Hard Times first published by RealCrime Magazine
A stranger breezes into town. It’s like the beginning of any western, except that this is the early Thirties, and Chaney (Charles Bronson) rides in on a freight train rather than a horse. Still, he is an archetypal hero, concealing beneath his unassuming, taciturn exterior a peerless fighting prowess. The sport here is bare-knuckle boxing, and Chaney forms an unlikely alliance with fast-talking hustler Speed (James Coburn), winning one illegal bout after another for high stakes.
Marking the directorial debut of Walter Hill, Hard Times (aka The Streetfighter) introduces his tendency to pair up odd couples as main characters – a trope repeated later in The Driver (1978), 48 Hrs. (1982) and Red Heat (1988). Everything here unfolds in a demimonde of speakeasies, dockside arenas, Cajun cookouts and juke joints, as New Orleans denizens struggle to keep poverty at bay with only their own wits and fists to back them up.
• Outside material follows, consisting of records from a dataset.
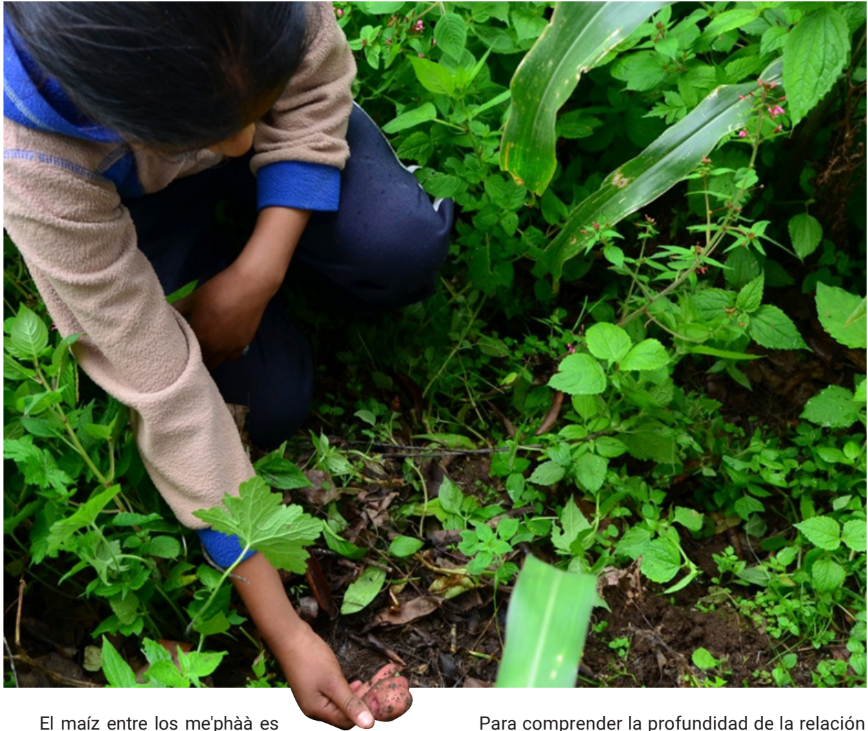
Cosechando papita roja. Malinaltepec, Guerrero, septiembre 2020.

El maíz entre los me'phàà es sinónimo de vida, la semilla, la masa, la tortilla, todo lo que está hecho de maíz no se tira o desperdicia porque esto ocasiona que el maíz abandone a la familia, también si no se agradece a San Marcos o se llevan a cabo los rituales como deben de ser, el maíz puede enfermarse, si esto sucede la gente también enferma: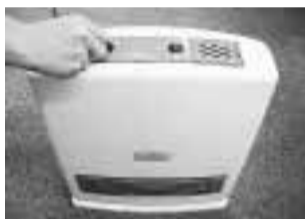
▲温度を低めに設定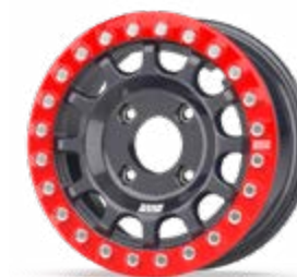
Fullrace B Dakar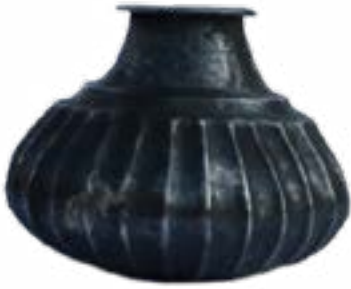
СОСУДИК УЗКОГОРЛЫЙ С РИФЛЕНЫМ ТУЛОВОМ ИЗ ФИЛИППОВСКОГО «ЦАРСКОГО» КУРГАНА №1 В ИЛЕКСКОМ РАЙОНЕ.

Цинк, алюминий, медный сплав. Высота 7,8 см, диаметр венчика 4,2 см.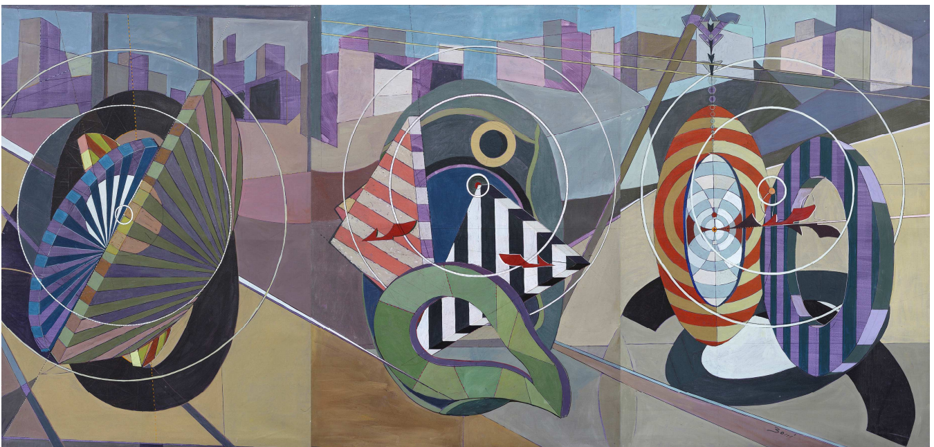
PB, La Città , triptyque, 1980, acrylique sur toile, 3x 162x114 cm

Mathilde Hatzenberger 145 rue Washington 1050 BXL / Belgium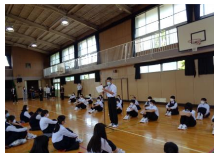
新入生代表のI君の 立派なあいさつ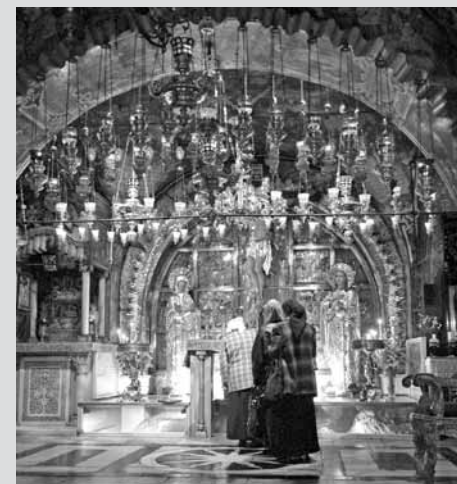
• Tradiční místo Golgoty v kostele Svatého hrobu

Když dnes řekneme „Golgota“, nevybaví se nám asi hned otázka topografie, ale událost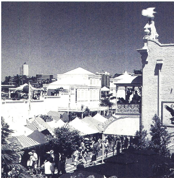
Gemütliche Restaurants und Cafés unterbrechen mit viel Farbe die Gebäulichkeiten der Stadt

In der Nähe des Flusses befindet sich der Botanische Garten, durch den ein schöner Fussweg führt. Selbstverständlich stehen auch Fähren zur Überquerung des Flusses zur Verfügung. Seine beiden Seiten gehören zum wichtigsten Erholungsgebiet der Stadt. Es fehlt nicht an Parks und Cafés für jene, die sich in Ruhe setzen und die Landschaft geniessen wollen. Unser Klima ist so angenehm und gastfreundlich, dass man nur auszugehen braucht, um zu geniessen. Wirklich ein Ort, wo sich gut leben lässt. Das nächste Mal werde ich Sie mit einigen Sehenswürdigkeiten bekannt machen. Entschuldigung, es hat zu regnen aufgehört, und mein Hund Poppy wartet ungeduldig auf seinen Spaziergang.

As a portrait of a marginalised, criminalised underclass, Hard Times is as relevant today as it was in 1975 – but Hill’s decision to set it during the Depression Era, and to inflect it with the stylings of an oater, lends a timeless, classic quality to the film’s players and events.
Chaney arrives with nothing more than $6 in his pocket, and states his determination to make enough money to “fill a few in-betweens” before drifting off to his next destination. A free agent and rugged individualist, he is not someone we expect to show altruism – but a man’s gotta do what a man’s gotta do. Hill’s spare, efficient approach to the material ensures that Hard Times remains, beyond its period specificities, a film of masculinity, gamesmanship and honour.